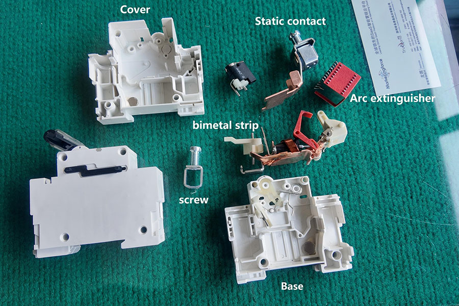 Cuando se sobrecarga, el doble metal se doblará y deformará cuando se caliente. Cuando el grado de flexión alcanza un cierto valor, se empujará el pestillo mecánico para liberar el mecanismo operativo, lo que provocará que los contactos del disyuntor se separen y corten el circuito para lograr protección contra sobrecarga.
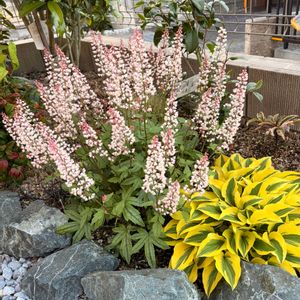ずっとヒューケラだと思ってたフレッシュグリーンがヒューケレラだと知りました。どうりで見事な開花っぷり。隣のホスタとの葉色のコントラストがいい感じです。隠れてますが、フレッシュグリーンの裏に今春ノーザンエクスポージャーアンバー(オレンジっぽいヒューケラ)を植えました。名前が長くて覚えられないので正式名称を書いておきます。 ホスタはグランドプライズ。 ホスタの裏に赤い万両紅孔雀を地植え。 2枚目は秋に買って植え付けたヒューケラ。白花が咲くのかと思ってましたが、真っ赤なお花も素晴らしい。こちらはブラックフォレストケーキ。 3枚目はヤマアジサイ。トカラの空。今年は一回り大きくなって大量の花芽が上がってきました。 色んな植物に花芽が待機していて楽しみがたくさんです。
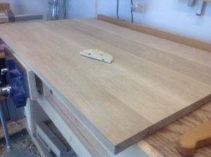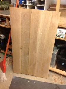 Glue the wrong board into the table top! In the photograph the second board is much darker than the rest (photo does not do it justice at all.) This is really not the type of mistake you should try at home, please leave it to the professional mistake makers….the board that was supposed to go here is still sitting on the bench ready to go………now where’s that saw!
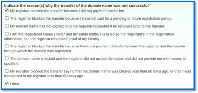 2、Indicate the reason(s) 选择投诉的问题类型,选域名转移中遇到的相关的问题。
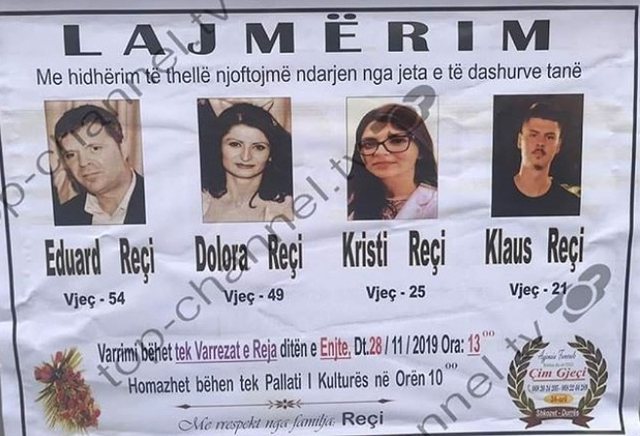 Babai Eduard Reçi, 54 vjeç, nëna Dolora Reçi, 49 vjeç, vajza Kristi Reçi, 25 vjeç, dhe djali Klaus Reçi, 21 vjeç u përcollën për në banesën e fundit. Një njoftim që të rrënqeth.

* [PROBLEM DETAILS]:
Repeat the records above word for word, apart from the pictures.

* [ANSWER TO THIS EXERCISE]:
 Cuando se sobrecarga, el doble metal se doblará y deformará cuando se caliente. Cuando el grado de flexión alcanza un cierto valor, se empujará el pestillo mecánico para liberar el mecanismo operativo, lo que provocará que los contactos del disyuntor se separen y corten el circuito para lograr protección contra sobrecarga.
ずっとヒューケラだと思ってたフレッシュグリーンがヒューケレラだと知りました。どうりで見事な開花っぷり。隣のホスタとの葉色のコントラストがいい感じです。隠れてますが、フレッシュグリーンの裏に今春ノーザンエクスポージャーアンバー(オレンジっぽいヒューケラ)を植えました。名前が長くて覚えられないので正式名称を書いておきます。 ホスタはグランドプライズ。 ホスタの裏に赤い万両紅孔雀を地植え。 2枚目は秋に買って植え付けたヒューケラ。白花が咲くのかと思ってましたが、真っ赤なお花も素晴らしい。こちらはブラックフォレストケーキ。 3枚目はヤマアジサイ。トカラの空。今年は一回り大きくなって大量の花芽が上がってきました。 色んな植物に花芽が待機していて楽しみがたくさんです。
 Glue the wrong board into the table top! In the photograph the second board is much darker than the rest (photo does not do it justice at all.) This is really not the type of mistake you should try at home, please leave it to the professional mistake makers….the board that was supposed to go here is still sitting on the bench ready to go………now where’s that saw!
 2、Indicate the reason(s) 选择投诉的问题类型,选域名转移中遇到的相关的问题。
 Babai Eduard Reçi, 54 vjeç, nëna Dolora Reçi, 49 vjeç, vajza Kristi Reçi, 25 vjeç, dhe djali Klaus Reçi, 21 vjeç u përcollën për në banesën e fundit. Një njoftim që të rrënqeth.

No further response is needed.